(Records from a collection)
★ ★ ★
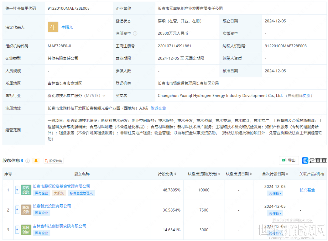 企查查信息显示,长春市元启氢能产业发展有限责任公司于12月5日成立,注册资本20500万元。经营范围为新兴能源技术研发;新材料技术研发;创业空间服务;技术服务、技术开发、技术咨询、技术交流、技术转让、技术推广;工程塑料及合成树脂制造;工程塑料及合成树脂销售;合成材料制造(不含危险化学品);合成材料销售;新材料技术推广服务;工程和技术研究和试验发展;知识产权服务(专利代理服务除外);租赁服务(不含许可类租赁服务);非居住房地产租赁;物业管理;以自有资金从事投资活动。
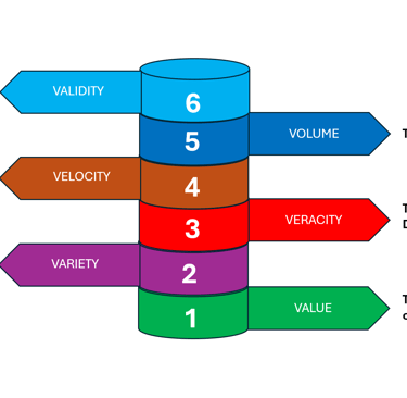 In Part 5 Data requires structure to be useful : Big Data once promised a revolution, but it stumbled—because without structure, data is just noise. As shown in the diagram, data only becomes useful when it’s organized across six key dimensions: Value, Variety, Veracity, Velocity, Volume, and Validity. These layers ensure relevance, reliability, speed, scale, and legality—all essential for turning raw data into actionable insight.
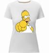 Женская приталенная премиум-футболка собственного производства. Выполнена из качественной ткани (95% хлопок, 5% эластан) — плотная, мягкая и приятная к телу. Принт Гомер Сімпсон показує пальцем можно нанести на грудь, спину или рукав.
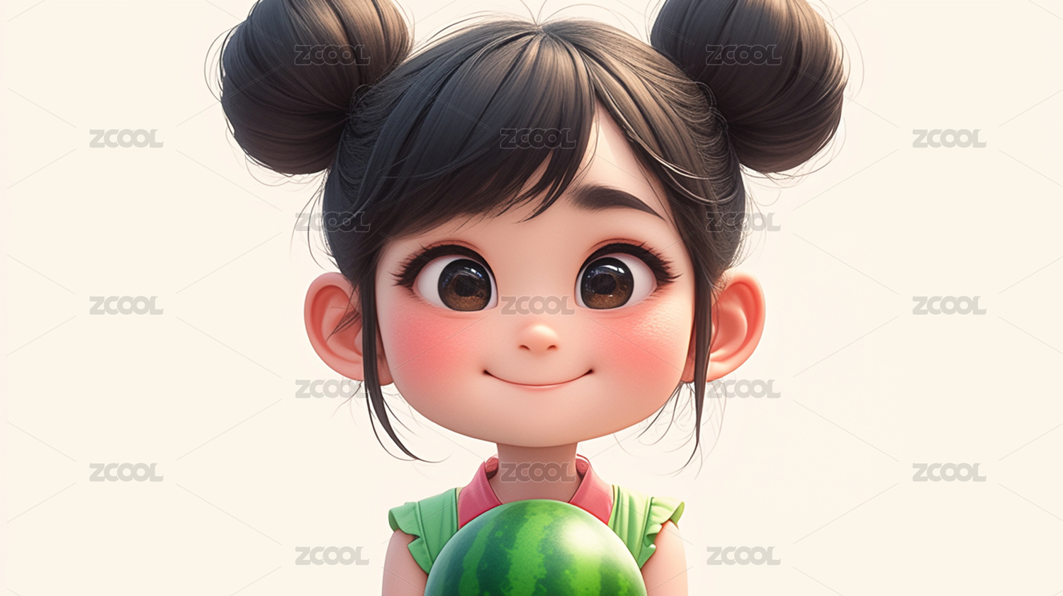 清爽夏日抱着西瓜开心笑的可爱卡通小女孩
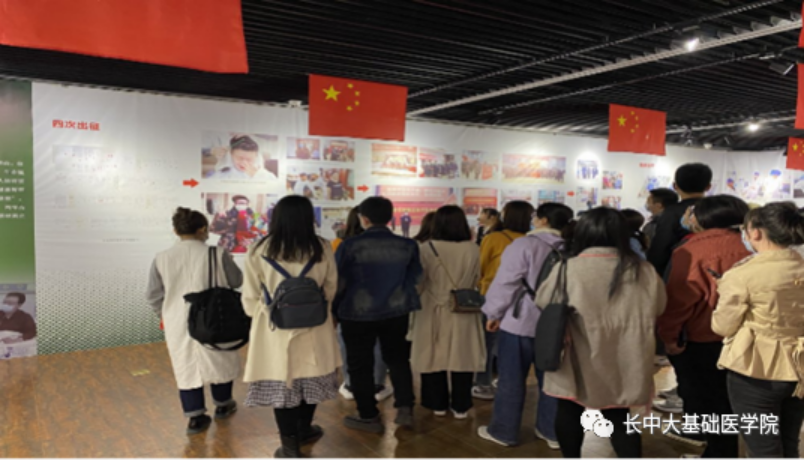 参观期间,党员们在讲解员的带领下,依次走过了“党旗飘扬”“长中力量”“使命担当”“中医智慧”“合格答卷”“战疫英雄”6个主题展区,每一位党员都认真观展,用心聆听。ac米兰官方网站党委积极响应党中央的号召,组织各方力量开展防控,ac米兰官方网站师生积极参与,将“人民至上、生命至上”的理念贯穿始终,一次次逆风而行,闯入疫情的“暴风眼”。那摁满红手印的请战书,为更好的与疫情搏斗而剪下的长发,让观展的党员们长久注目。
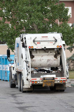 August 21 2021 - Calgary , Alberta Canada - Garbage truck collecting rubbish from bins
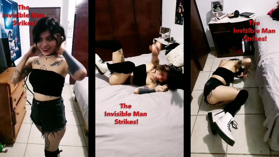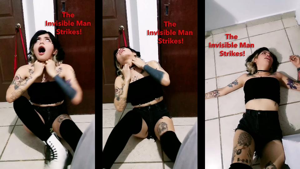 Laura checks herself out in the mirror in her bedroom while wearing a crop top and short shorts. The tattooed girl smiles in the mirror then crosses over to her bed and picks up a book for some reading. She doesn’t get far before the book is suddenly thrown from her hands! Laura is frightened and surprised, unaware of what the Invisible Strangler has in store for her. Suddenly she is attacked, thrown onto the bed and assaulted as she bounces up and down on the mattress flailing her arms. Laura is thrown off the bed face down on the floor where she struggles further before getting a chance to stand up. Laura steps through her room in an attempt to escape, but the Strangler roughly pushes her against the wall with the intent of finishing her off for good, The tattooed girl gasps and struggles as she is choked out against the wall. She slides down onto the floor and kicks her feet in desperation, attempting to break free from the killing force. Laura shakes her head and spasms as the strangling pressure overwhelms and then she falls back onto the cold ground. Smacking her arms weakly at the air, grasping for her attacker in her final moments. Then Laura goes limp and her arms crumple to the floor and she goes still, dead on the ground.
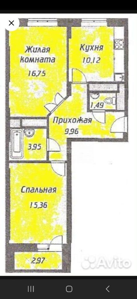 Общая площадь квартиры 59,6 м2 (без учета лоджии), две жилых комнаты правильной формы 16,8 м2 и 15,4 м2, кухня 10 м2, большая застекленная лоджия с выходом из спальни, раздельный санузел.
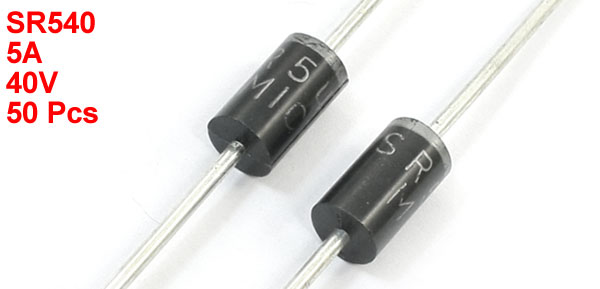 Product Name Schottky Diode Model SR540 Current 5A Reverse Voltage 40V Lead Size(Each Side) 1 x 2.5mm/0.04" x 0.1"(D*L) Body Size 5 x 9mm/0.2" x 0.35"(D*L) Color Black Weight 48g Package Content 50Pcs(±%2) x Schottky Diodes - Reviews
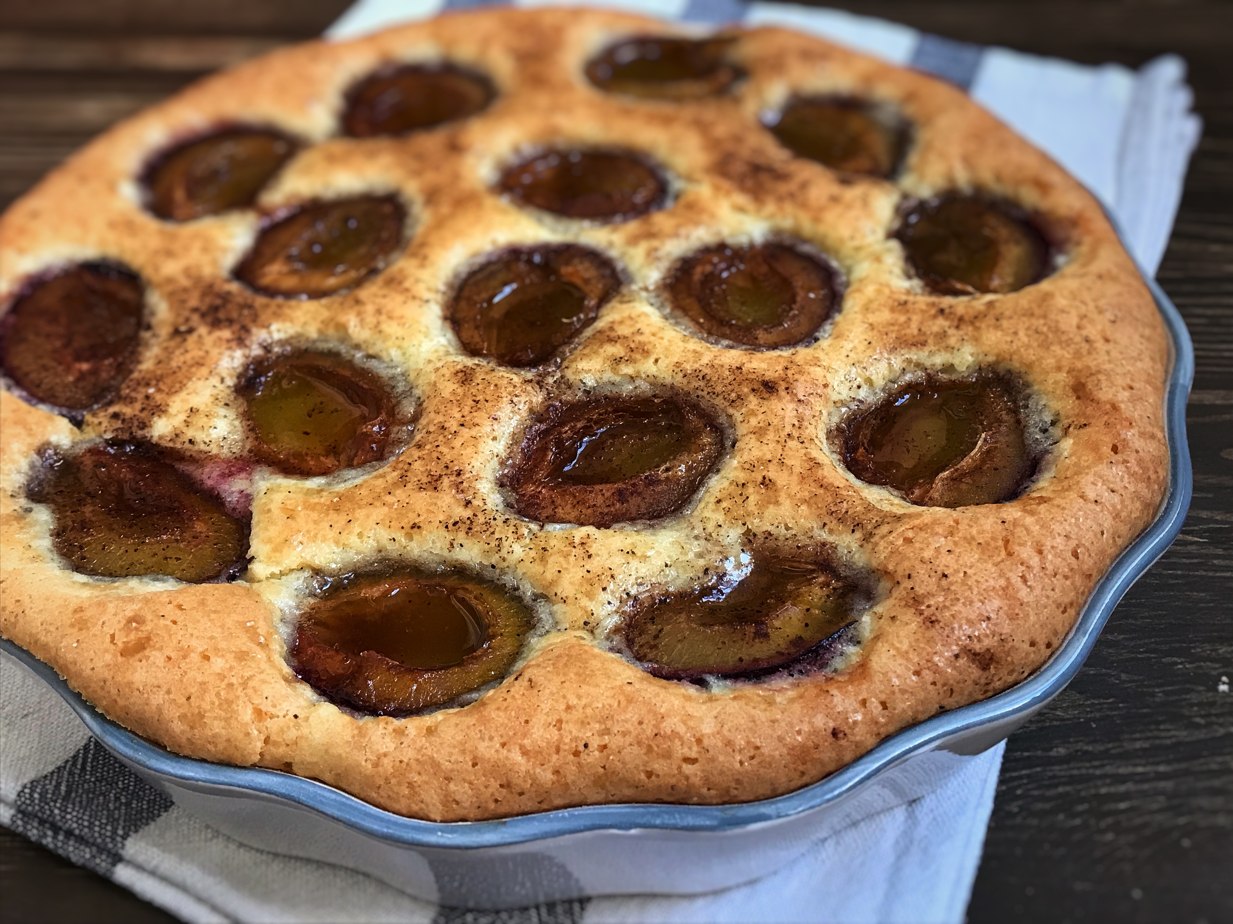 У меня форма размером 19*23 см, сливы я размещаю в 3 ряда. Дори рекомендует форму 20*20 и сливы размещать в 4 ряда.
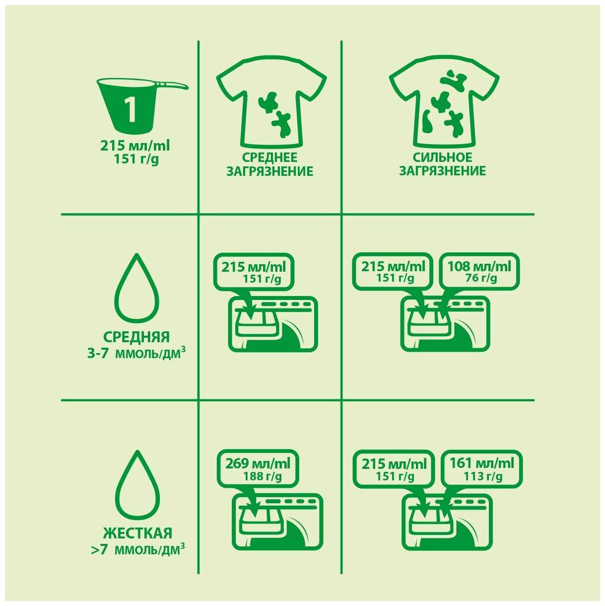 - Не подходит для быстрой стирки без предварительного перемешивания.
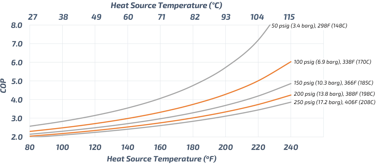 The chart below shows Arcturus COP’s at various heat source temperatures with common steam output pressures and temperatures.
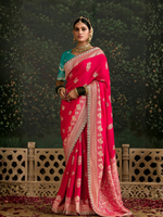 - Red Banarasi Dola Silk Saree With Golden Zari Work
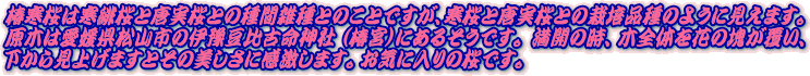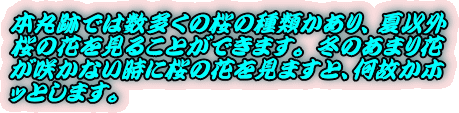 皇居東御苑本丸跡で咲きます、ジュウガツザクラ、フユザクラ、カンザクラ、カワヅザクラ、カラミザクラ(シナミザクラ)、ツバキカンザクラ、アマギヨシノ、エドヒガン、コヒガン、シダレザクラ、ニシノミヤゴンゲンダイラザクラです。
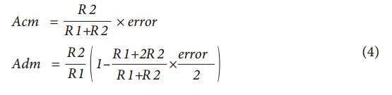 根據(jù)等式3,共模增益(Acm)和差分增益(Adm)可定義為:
★ ★ ★
## Task instructions
Return exactly, with no pictures, each line from the one that contains "- Не подходит" through the end of the entries above, both ends included.

## Finished task
 - Не подходит для быстрой стирки без предварительного перемешивания.
 The chart below shows Arcturus COP’s at various heat source temperatures with common steam output pressures and temperatures.
 - Red Banarasi Dola Silk Saree With Golden Zari Work
 皇居東御苑本丸跡で咲きます、ジュウガツザクラ、フユザクラ、カンザクラ、カワヅザクラ、カラミザクラ(シナミザクラ)、ツバキカンザクラ、アマギヨシノ、エドヒガン、コヒガン、シダレザクラ、ニシノミヤゴンゲンダイラザクラです。
 根據(jù)等式3,共模增益(Acm)和差分增益(Adm)可定義為:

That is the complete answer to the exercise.